The big patent expirations, Scala adds, are the cholesterol drug Zocor in 2006; the osteoporosis drug Fosamax in 2008; the Cozaar/Hyzaar blood pressure medication in 2010; and the asthma drug Singulair in 2012. "We view Merck shares as unappealing," he concludes.
Protecting the Dividend
Scala says the company's dividend looks safe -- an assessment that Merck bulls, bears and fence-sitters share. How safe and for how long is a topic for debate.
Scala says the current dividend of $1.52 a share looks good through 2010. Arnold says the dividend looks safe for one to two years. The yield is 5.4%, and her $27.50 target price assumes a yield of 5.5%, which she says is at the top end of the historical range for Big Pharma companies.
Krensavage backs his strong buy rating because the dividend yield "helps support the stock while the investors wait for a pipeline of new products." Another Merck bull, Robert Hazlett of SunTrust Robinson Humphrey, told investors on Friday that his buy rating is bolstered by a "robust" dividend yield.
Even though earnings growth is "likely to be flat for a few years," the dividend "should materially aid total return during this time, and we believe it should remain intact near term," Hazlett says. However, if Merck continues to lose big Vioxx cases, it may have to cut the dividend, he adds.

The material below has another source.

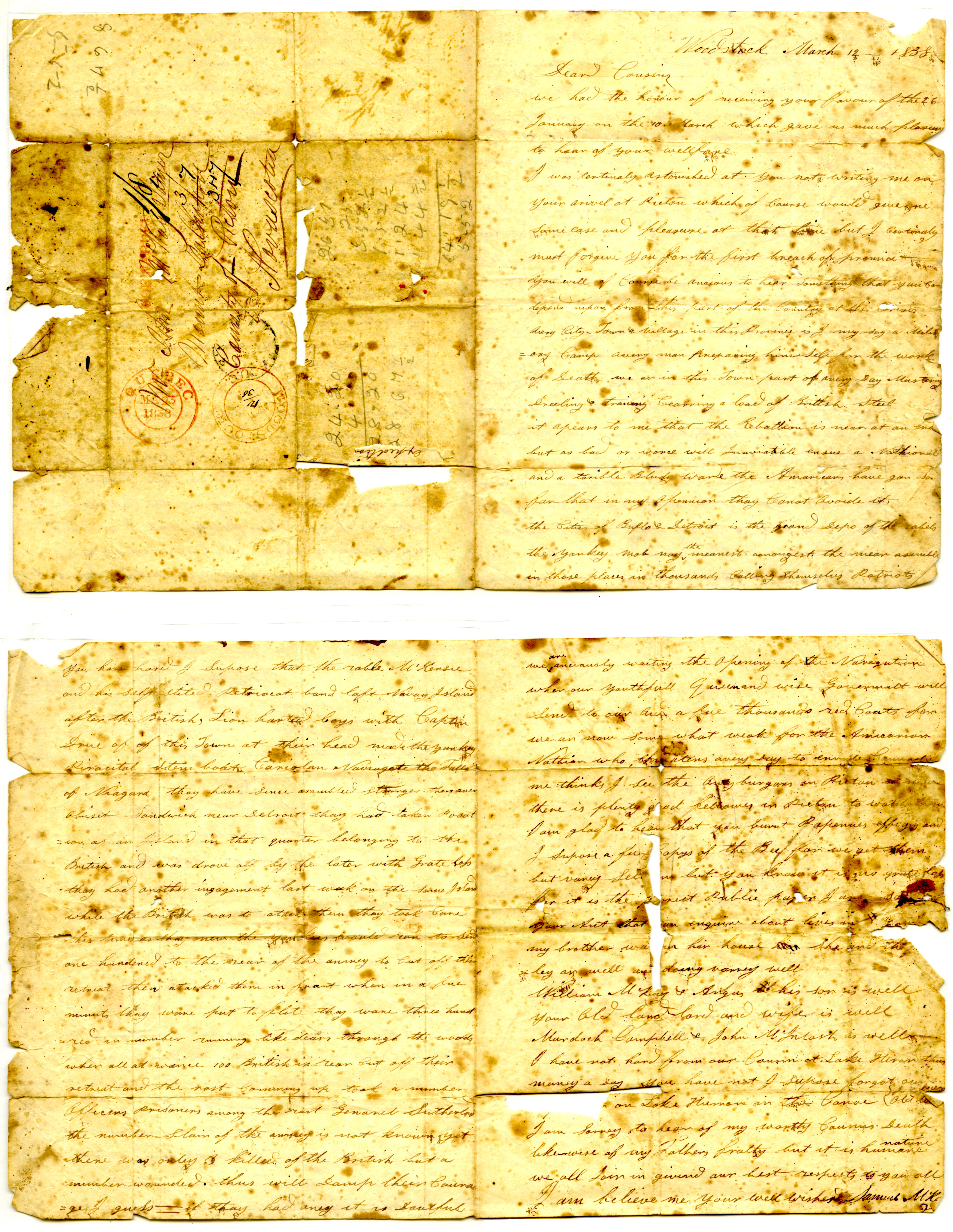 You have heard I suppose that the rebel M'Kenzie and his self (styled) (patriocat) band left Navy Island after the British. Lion hunted boys with Captain Drew of this town at their head made the yankee piratical steamboat Caroline navigate the falls of Niagara. They have since assembled stronger than ever (opposite) Sandwich near Detroit. They had taken possession of an island in that quarter belonging to the British and was drove off by the later with great loss. They had another engagement last week on the same island. While the British was to attack them they took (care) this time as they new the yankees would run to send one hundred to the rear of the army to cut off their retreat then attack them in front when in a few minutes they were put to flight. They were thence hundred in number running like dear through the woods when all at once 100 British in rear cut off their retreat and the rest coming up took a number Officers prisoners among the rest General Sutherland. The number slain of the army is not known yet. There was only (3) killed of the British but a number wounded. This will dampen their courage I guess - if they had any it was doubtful.

Merrill Lynch is a market maker in Merck's stock and has had an investment banking relationship with the company. Credit Suisse First Boston has had an investment banking relationship. The other firms either have had no relationship or say they expect to seek or do business with companies mentioned in their research reports. Among analysts quoted, none owns shares of Merck except at SG Cowen where the firm says "the author(s) and/or members of their households" own Merck shares.